Training Data Generation: The evaluation result is combined with the intelligence context to create training pairs for model improvement (RLHF/fine-tuning).

Kali MCP Server (Docker)

The Kali container includes exploitdb and all pentest tools. SearchSploit runs inside the container — no separate server needed.

# Build and start Kali container
cd docker && docker compose up kali -d

# Verify MCP server is running
curl http://localhost:3001/mcp

Tools available in Kali container:

execute_shell_cmd — Run any shell command (nmap, hydra, sqlmap, etc.)
write_file — Write files to the container filesystem
execute_script — Execute Python/Bash scripts
manage_packages — Install/remove apt packages at runtime
searchsploit_search — Search ExploitDB for CVEs and exploits
searchsploit_examine — Read full exploit source code by EDB-ID

RAG Memory System Setup

See docs/RAG-Memory-Integration.md for full setup instructions.

Quick Start:

# Clone RAG memory repository
cd ..
git clone <pentest-rag-memory-repo-url>
cd pentest-rag-memory

# Install and seed
npm install
npm run seed  # Loads 7 initial anti-patterns

# Build RAG Memory MCP server
cd ../pentest-mcp-server/rag-memory-server-ts
npm run build && yalc publish

# In MVP repo:
yalc add @cyber/mcp-rag-memory-client && npm install

Main Agent Integration: Session logs are automatically written to logs/sessions/<session_id>.jsonl for RAG ETL processing.

Testing

Testing Engine Worker (Cyber-Bridge Integration)

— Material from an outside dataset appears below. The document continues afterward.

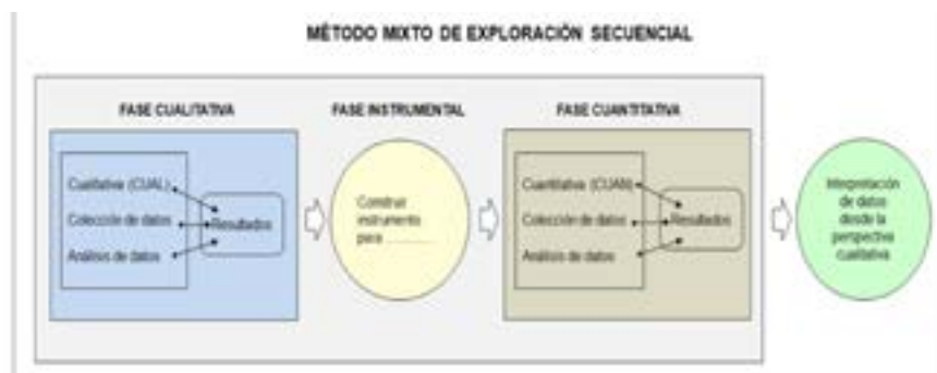
Figura 1: Fases del Método Mixto Exploratorio Secuencial

This is the full end-to-end test for the Redis-based engine worker.

Step 1: Start Redis

# From the cyber-bridge project
cd /home/leo/cyber-bridge && docker compose up redis -d

Step 2: Start the Cyber-Bridge middleware

cd /home/leo/cyber-bridge && npm run dev

Step 3: Start the Kali MCP server (required for exec phase tasks)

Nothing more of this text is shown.